• _RAW DATA_:
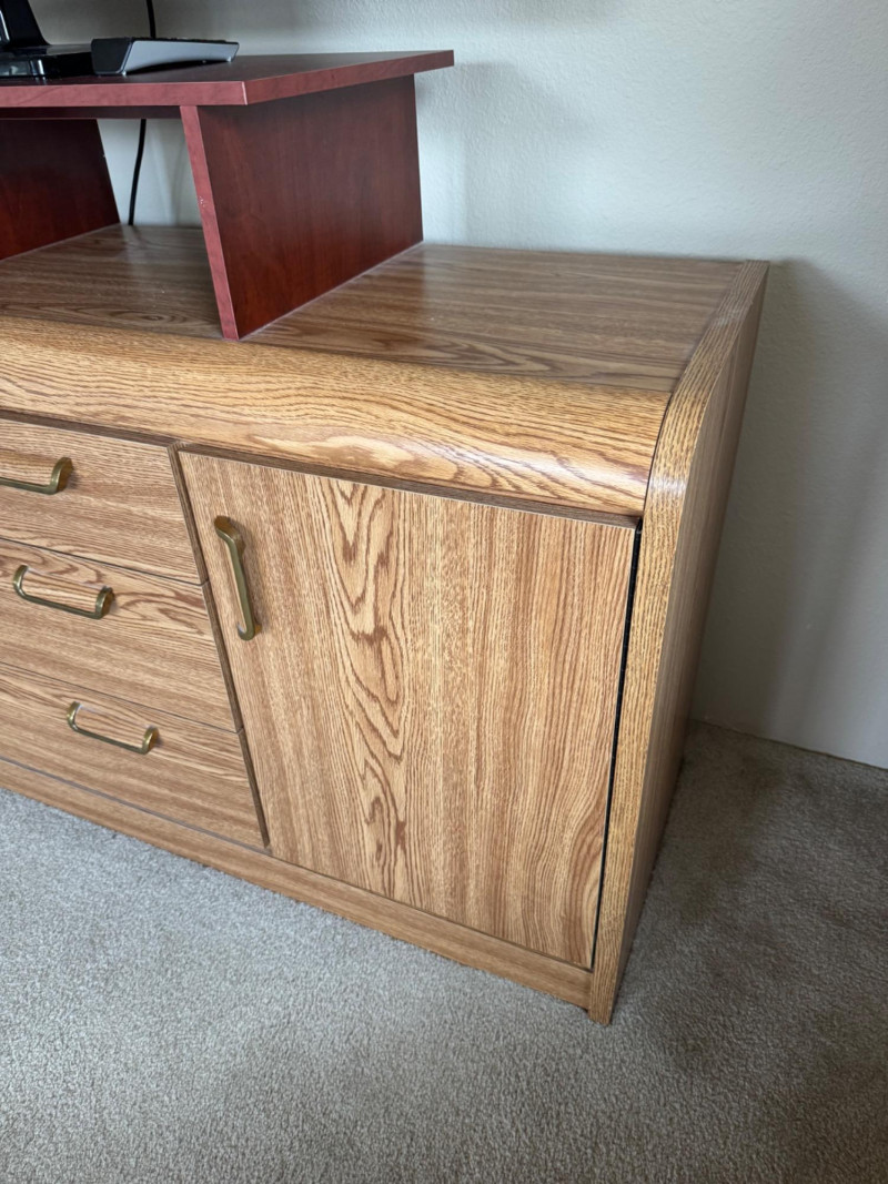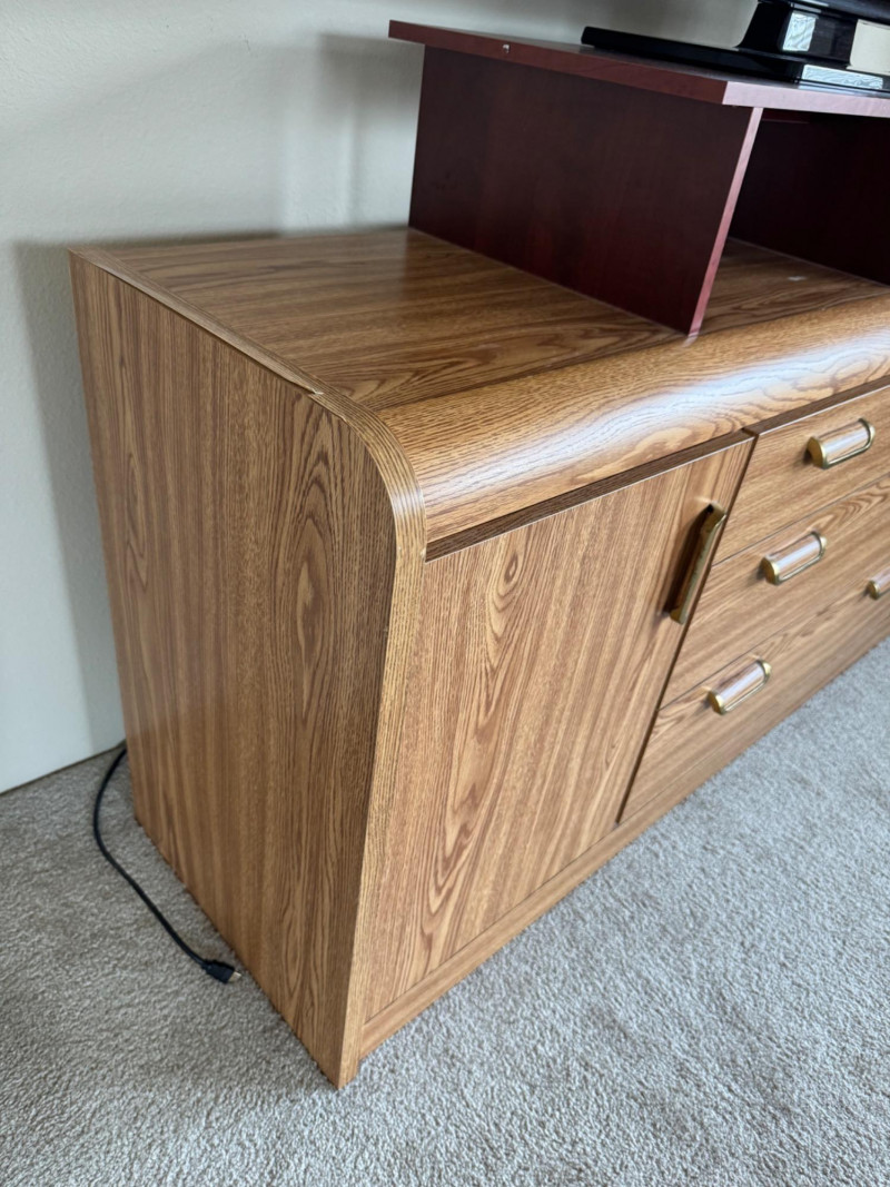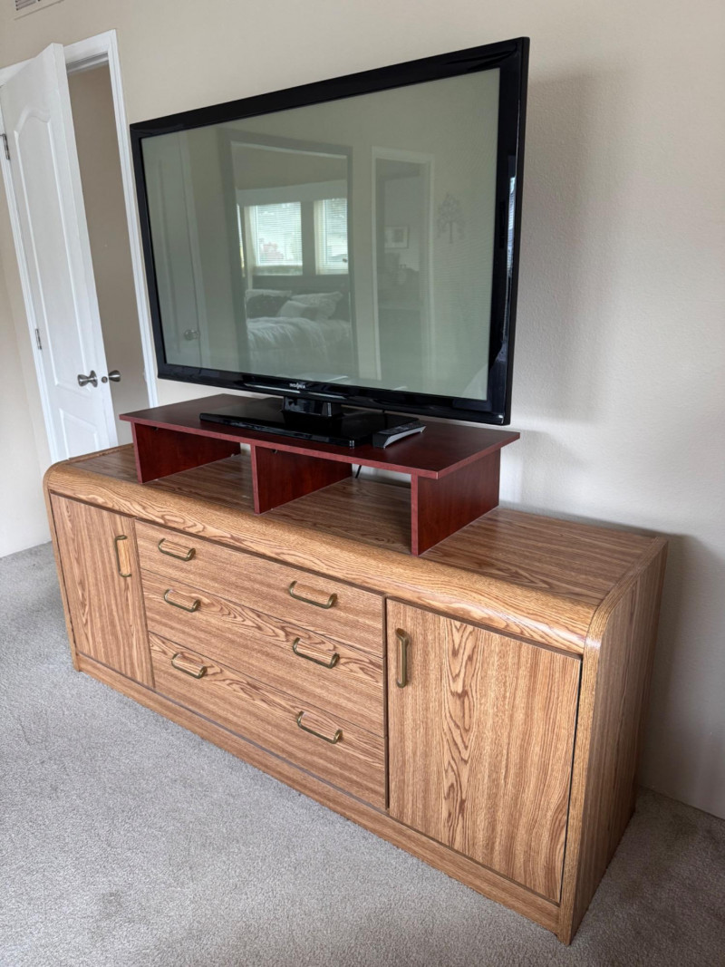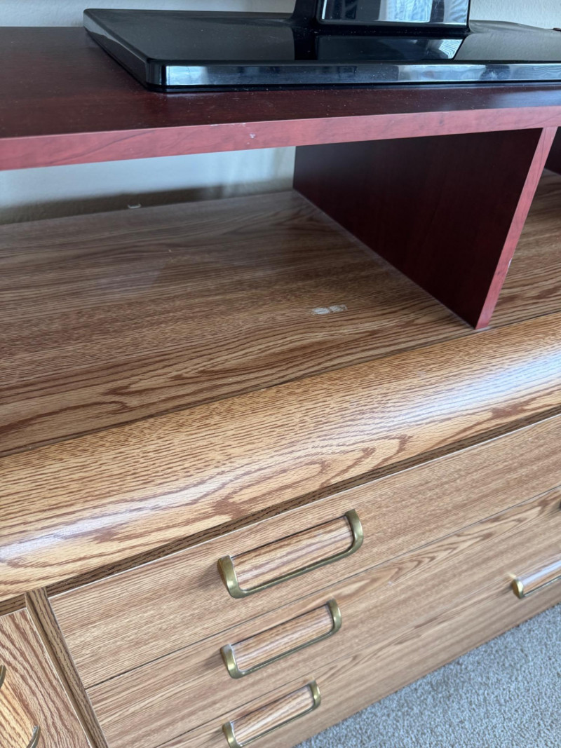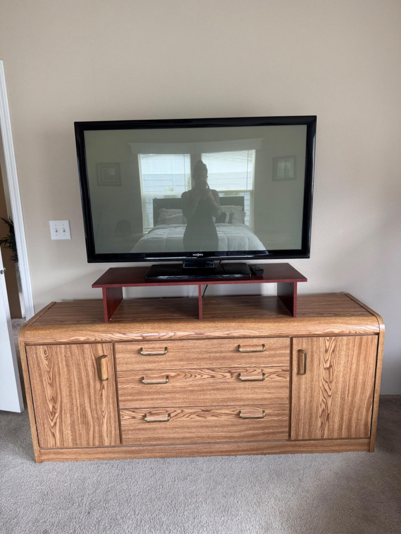 Dresser shows visible wear on the surface (see photos). TV powers on and functions. Must take all 3 items as a set. Bidding on this lot is an agreement that: (1.) You will have at least 2 capable, able bodied persons to lift and load at a minimum. (2.) You will bring a hand truck and/or any other tools needed to remove this item. If these steps are not followed your item will be forfeit and no refund given.
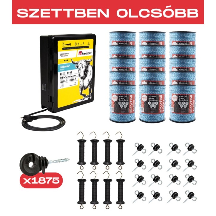 ALAP villanypásztor alkatrész csomag nagyvadak (medve, gímszarvas, vaddisznó, farkas) távol tartására. A vadkár megelőzésére összeállított készlet tartalmaz egy TURBOMAX AN800 típusú, 12 Joule teljesítményű 12V-os DUO üzemű villanypásztor készüléket, továbbá 15000 m villanypásztorvezetéket. A DUO készülékek üzemeltethetőek 12V-os munkaakkumulátorról is (a csomag akkumulátort nem tartalmaz) valamint kiegészíthető napelemmel modullal is a folyamatos sziget üzem biztosítása érdekében. A csomag tartalmazza a 12/230V-os hálózati adaptert! Az alap csomag a rendszer, egymással kompatibilis főbb elemeit tartalmazza. Amennyiben teljeskörű alkatrészkészletre van szüksége egy új karám kialakításához, válasszon a TELJES szett csomagajánlataink közül. A paraméter listában tételesen megtalálja a csomagban található alkatrészek listáját.
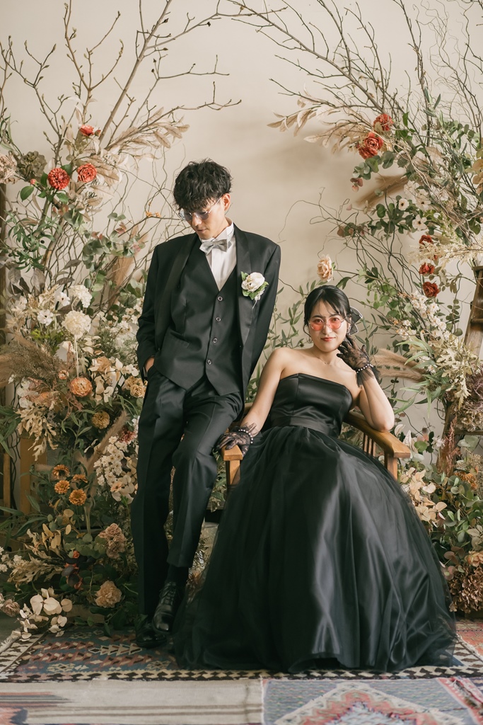 We deliberated a lot about whether to match the color of the tuxedo with the dress or to choose different colors.
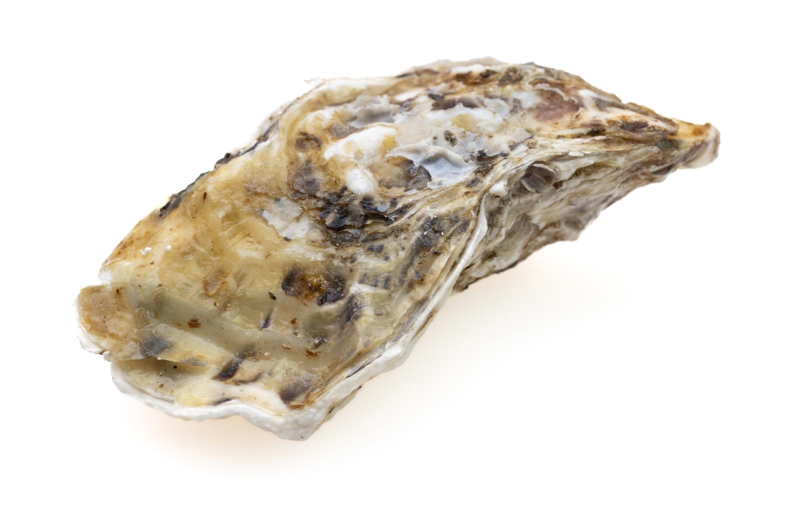 閉じた状態の牡蠣の殻を白背景で切り抜いた写真素材です。ごつごつした粗い質感と斑模様の殻が正面からよく確認できる。食材紹介や海産物の図鑑的なビジュアルにおすすめです。

• _HOW TO COMPLETE THIS TASK_: Reproduce the listing above exactly, but skip the pictures.

• _OUTPUT FOR THIS EXERCISE_:
 Dresser shows visible wear on the surface (see photos). TV powers on and functions. Must take all 3 items as a set. Bidding on this lot is an agreement that: (1.) You will have at least 2 capable, able bodied persons to lift and load at a minimum. (2.) You will bring a hand truck and/or any other tools needed to remove this item. If these steps are not followed your item will be forfeit and no refund given.
 ALAP villanypásztor alkatrész csomag nagyvadak (medve, gímszarvas, vaddisznó, farkas) távol tartására. A vadkár megelőzésére összeállított készlet tartalmaz egy TURBOMAX AN800 típusú, 12 Joule teljesítményű 12V-os DUO üzemű villanypásztor készüléket, továbbá 15000 m villanypásztorvezetéket. A DUO készülékek üzemeltethetőek 12V-os munkaakkumulátorról is (a csomag akkumulátort nem tartalmaz) valamint kiegészíthető napelemmel modullal is a folyamatos sziget üzem biztosítása érdekében. A csomag tartalmazza a 12/230V-os hálózati adaptert! Az alap csomag a rendszer, egymással kompatibilis főbb elemeit tartalmazza. Amennyiben teljeskörű alkatrészkészletre van szüksége egy új karám kialakításához, válasszon a TELJES szett csomagajánlataink közül. A paraméter listában tételesen megtalálja a csomagban található alkatrészek listáját.
 We deliberated a lot about whether to match the color of the tuxedo with the dress or to choose different colors.
 閉じた状態の牡蠣の殻を白背景で切り抜いた写真素材です。ごつごつした粗い質感と斑模様の殻が正面からよく確認できる。食材紹介や海産物の図鑑的なビジュアルにおすすめです。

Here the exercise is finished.